In February 1995, a team from Rabobank arrived in India, scouting for opportunities. Kapoor, his brother-in-law Ashok Kapoor and Harkirat Singh made a proposal to the visiting team for two joint ventures: a non-banking financial company and a bank. During the next year, Kapoor held meetings with the Rabobank executives in India, Singapore and the Netherlands. The NBFC was set up in 1997, with the three Indian partners chipping in with an equity capital of ₹90 million each. In 2003, the three sold their stake for $10 million each, generating the seed fund for the bank. In 2003, the team was granted a banking license by the Reserve Bank of India (RBI) to set up Yes Bank. They established Yes Bank with the vision of "Building the Best Quality Bank of the world in India" by 2004.

Rana Kapoor held 26% stake in Yes Bank, Ashok Kapur held 11%, and Rabobank International held 20% stake. Ashok Kapur died in 2008 in Mumbai 26/11 attacks.

In 2005, Kapoor was named Ernst & Young's Start-up Entrepreneur of the Year.

In January 2017, Bloomberg noted that with the rising share price of Yes Bank, Kapoor had become a billionaire.

In September 2018, Yes Bank announced that they had ordered Kapoor to step down from his CEO position in January 2019. In July 2019, the Times of India reported that with a 78% drop in the Yes Bank share price since August 2018, Kapoor's net worth had fallen by over a billion to $377 million.

== Legal controversy ==
On 8 March 2020, the Enforcement Directorate (ED) registered a case against Kapoor under the Prevention of Money Laundering Act (PMLA) and he was arrested. Defense lawyer stated that Rana Kapoor was selectively targeted. The Central Bureau of Investigation (CBI) also charged Kapoor and his family members in a bribery and money-laundering case linked to Yes Bank. Kapoor denies the charges.

According to the ED, Kapoor, his family members, and others, got benefits worth ₹43 billion through companies controlled by his family as kickbacks for sanctioning huge loans through Yes Bank. He is also accused of receiving bribes for going easy on loans given to a few big corporate groups that had turned into non-performing assets.

The CBI and ED arrested Kapoor in another case which is the outcome of their investigations in DHFL Mumbai case of fraud and embezzlement of over $3 Billion, in which Kapoor was alleged to have received over $100 million in kickbacks over bogus loans extended by Yes Bank to DHFL and the kickbacks were used to purchase expensive properties in Delhi and Mumbai in the name of Kapoor's wife Bindu Kapoor and daughter Roshni Kapoor.
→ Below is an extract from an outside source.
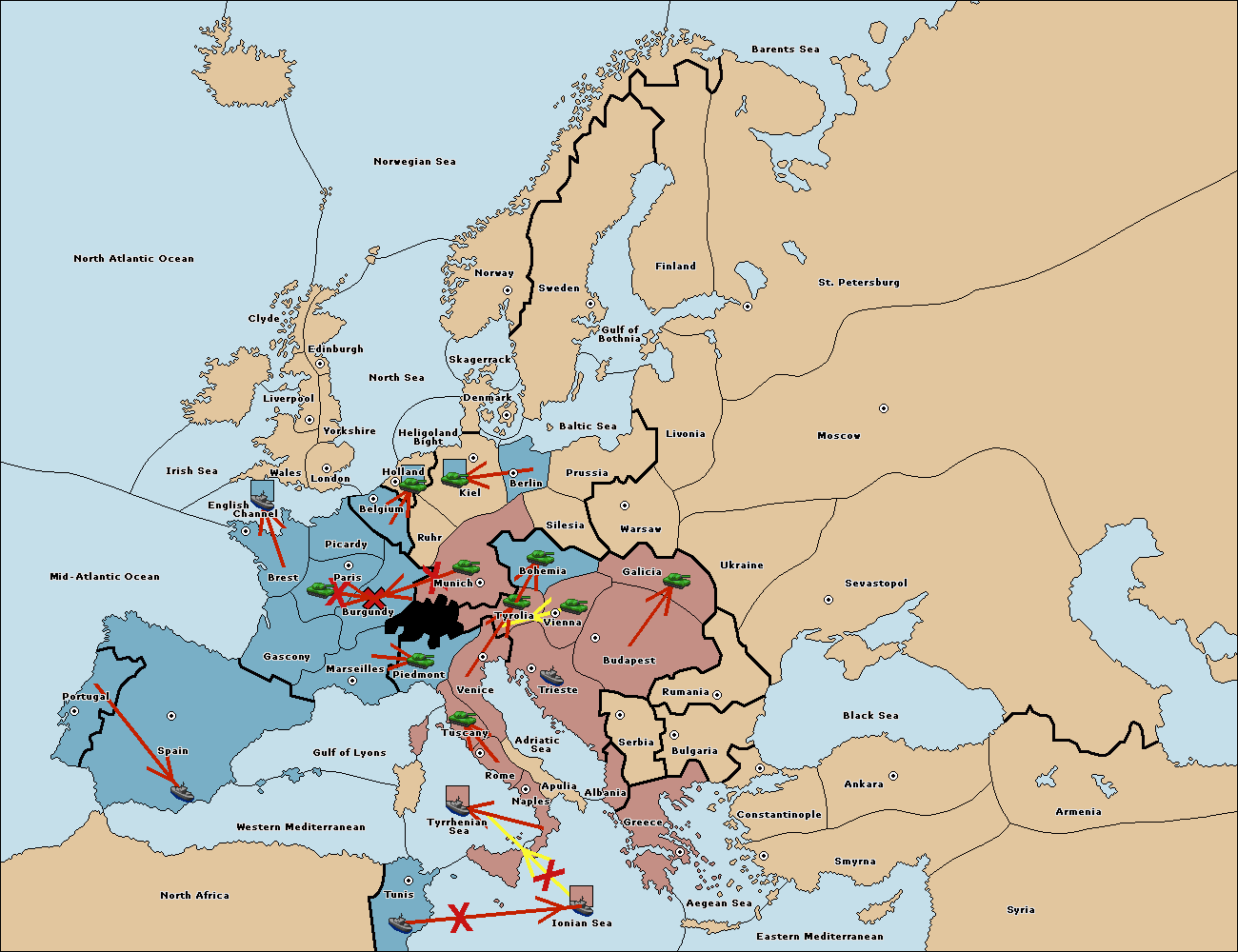 The army at Tyrolia support move to Bohemia from Vienna.

In May 2020, ED filed a charge sheet and named 7 individuals and 5 companies
Individuals:
•	Rana Kapoor
•	Bindu Kapoor (W/o Rana Kapoor)
•	Roshni Kapoor (Daughter of Rana Kapoor)
•	Radha Kapoor (Daughter of Rana Kapoor)
•	Rakhee Kapoor (Daughter of Rana Kapoor)
•	Dheeraj Wadhawan (DHFL promoter)
•	Pankaj Wadhawan (DHFL promoter)

Companies:
•	Morgan Credit Pvt. Ltd (MCPL) – a “promoter company of Yes Bank” and owned by Rana Kapoor’s daughters.
•	Yes Capital Pvt. Ltd (YCPL) – a “promoter company of Yes Bank” and owned by Rana Kapoor’s daughters.
•	RAB Enterprises was an investment company & owned by Rana Kapoor’s wife.
•	Dewan Housing Finance Limited
•	RKW Developers – owned by Dheeraj Wadhawan

Currently Kapoor is held at Taloja Jail, Maharashtra. Kapoor's bail application in the Prevention of Money Laundering case filed on the grounds that he is keeping poor health and is at the risk of contracting COVID-19, was rejected by Mumbai Court in April 2020.
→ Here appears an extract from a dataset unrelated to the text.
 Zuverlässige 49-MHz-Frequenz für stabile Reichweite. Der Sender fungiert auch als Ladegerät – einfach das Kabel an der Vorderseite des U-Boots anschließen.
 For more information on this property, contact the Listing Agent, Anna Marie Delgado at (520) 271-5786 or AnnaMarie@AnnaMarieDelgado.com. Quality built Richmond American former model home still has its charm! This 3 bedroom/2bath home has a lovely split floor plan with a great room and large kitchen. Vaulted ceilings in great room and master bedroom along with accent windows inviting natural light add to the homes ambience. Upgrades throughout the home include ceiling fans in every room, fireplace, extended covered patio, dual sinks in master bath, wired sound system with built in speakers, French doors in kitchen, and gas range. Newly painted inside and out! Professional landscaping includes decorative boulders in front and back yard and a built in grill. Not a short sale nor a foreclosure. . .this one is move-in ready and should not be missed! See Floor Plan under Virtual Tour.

On 4 August 2023, the Supreme Court refused to entertain bail plea of Yes Bank founder Rana Kapoor in a money-laundering case against him. The apex court noted that this case rocked the entire financial system.

==Personal life==
Kapoor resides in Mumbai and is married to Bindu Kapoor. They have three daughters, Radha Kapoor Khanna, Rakhee Kapoor Tandon, and Roshini Kapoor. The CBI named his wife, Bindu, and all three daughters, as co-accused in the 2020 case of money laundering.

Ashok Kapur, with whom Kapoor co-founded Yes Bank, is his wife's sister's husband.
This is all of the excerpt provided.